秀吉は彼らを気に入り、仕官を勧めたが、彼らはみなそれを断った。
その後、司祭になる勉強を続けるべく天草にあったノビシャドに入り、コレジオに進んで勉学を続けた。
1593年7月25日、他の三人と共にイエズス会に入会。
1601年には神学の高等課程を学ぶため、マカオのコレジオに移った。
(この時点で千々石ミゲルは退会。
1608年、伊東マンショ、原マルティノ、中浦ジュリアンはそろって司祭に叙階された。
司祭叙階後は博多で活動していた。
1613年藩主黒田長政がキリシタン弾圧に乗り出したため、そこを追われ長崎に移った。

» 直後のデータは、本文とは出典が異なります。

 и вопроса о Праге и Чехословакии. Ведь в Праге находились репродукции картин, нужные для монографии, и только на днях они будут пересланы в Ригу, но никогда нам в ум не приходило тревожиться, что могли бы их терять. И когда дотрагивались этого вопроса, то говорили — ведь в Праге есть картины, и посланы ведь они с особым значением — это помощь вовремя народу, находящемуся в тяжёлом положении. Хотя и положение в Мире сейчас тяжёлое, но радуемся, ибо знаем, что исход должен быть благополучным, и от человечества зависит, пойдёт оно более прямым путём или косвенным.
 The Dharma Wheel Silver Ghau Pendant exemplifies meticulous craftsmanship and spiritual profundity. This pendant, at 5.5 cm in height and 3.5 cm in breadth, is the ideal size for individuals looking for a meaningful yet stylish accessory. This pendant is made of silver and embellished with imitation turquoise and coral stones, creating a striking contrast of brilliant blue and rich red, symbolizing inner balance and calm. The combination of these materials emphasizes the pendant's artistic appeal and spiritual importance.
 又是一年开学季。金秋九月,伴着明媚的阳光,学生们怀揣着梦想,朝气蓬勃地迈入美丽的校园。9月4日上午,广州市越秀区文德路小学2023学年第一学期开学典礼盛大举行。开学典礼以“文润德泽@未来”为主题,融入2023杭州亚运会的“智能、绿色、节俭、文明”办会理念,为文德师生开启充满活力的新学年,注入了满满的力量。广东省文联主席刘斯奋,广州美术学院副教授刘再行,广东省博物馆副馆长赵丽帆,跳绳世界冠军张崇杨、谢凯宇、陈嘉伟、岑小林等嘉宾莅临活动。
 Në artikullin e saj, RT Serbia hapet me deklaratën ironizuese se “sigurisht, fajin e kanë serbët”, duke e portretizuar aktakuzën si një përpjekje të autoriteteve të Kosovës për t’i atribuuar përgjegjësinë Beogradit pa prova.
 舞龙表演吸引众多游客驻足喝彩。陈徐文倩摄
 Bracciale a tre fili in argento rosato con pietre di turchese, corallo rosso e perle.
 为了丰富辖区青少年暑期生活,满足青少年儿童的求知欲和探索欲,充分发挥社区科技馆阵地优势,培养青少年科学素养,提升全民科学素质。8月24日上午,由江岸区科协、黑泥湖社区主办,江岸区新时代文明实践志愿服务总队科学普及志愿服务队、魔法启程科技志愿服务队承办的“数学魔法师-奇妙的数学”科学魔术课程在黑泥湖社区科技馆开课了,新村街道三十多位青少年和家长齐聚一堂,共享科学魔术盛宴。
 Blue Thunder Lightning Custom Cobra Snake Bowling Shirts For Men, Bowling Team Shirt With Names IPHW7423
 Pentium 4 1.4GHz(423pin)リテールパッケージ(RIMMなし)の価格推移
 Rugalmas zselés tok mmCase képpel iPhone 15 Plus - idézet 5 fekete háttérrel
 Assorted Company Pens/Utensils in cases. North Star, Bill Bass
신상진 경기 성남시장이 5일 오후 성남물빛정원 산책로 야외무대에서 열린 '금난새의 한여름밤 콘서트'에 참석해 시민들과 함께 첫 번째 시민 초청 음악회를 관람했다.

翌年のキリシタン追放令の発布時は、殉教覚悟で地下に潜伏することを選んだ。
中浦神父は九州を回りながら、迫害に苦しむキリシタンたちを慰めていた。
二十数年にわたって地下活動を続けていた中浦神父であったが、1633年ついに小倉で捕縛され、長崎へ送られた。
そして10月18日、イエズス会員のジョアン・アダミ神父、アントニオ・デ・スーザ神父、クリストファン・フェレイラ神父、ドミニコ会員のルカス・デ・スピリト・サント神父と三人の修道士と共に穴吊りの刑に処せられた。
穴吊りの刑では全身の血が頭にたまり、こめかみから数滴ずつたれていくため、すぐに死ねずに苦しみもがくという惨刑であった。
あまりの苦しみに人事不省の状態でクリストファン・フェレイラ神父が棄教したが、ほかの人々は教えを捨てずにすべて殉教した。
最初に死んだのは中浦神父だったが、それは穴吊りにされて4日目の10月21日で、64年の生涯であった。
「わたしはローマに赴いた中浦ジュリアン神父である」と最後に言い残したといわれている。
帰国してから43年がたっており、他の三人もすでに他界していた。
殉教から374年が経過した2007年6月、ローマ教皇ベネディクト16世は、中浦ジュリアンを福者に列することを発表し、2008年11月24日に長崎で他の187人と共に列福が行われた。
天正遣欧少年使節の一員で福者になるのは彼が初めてである。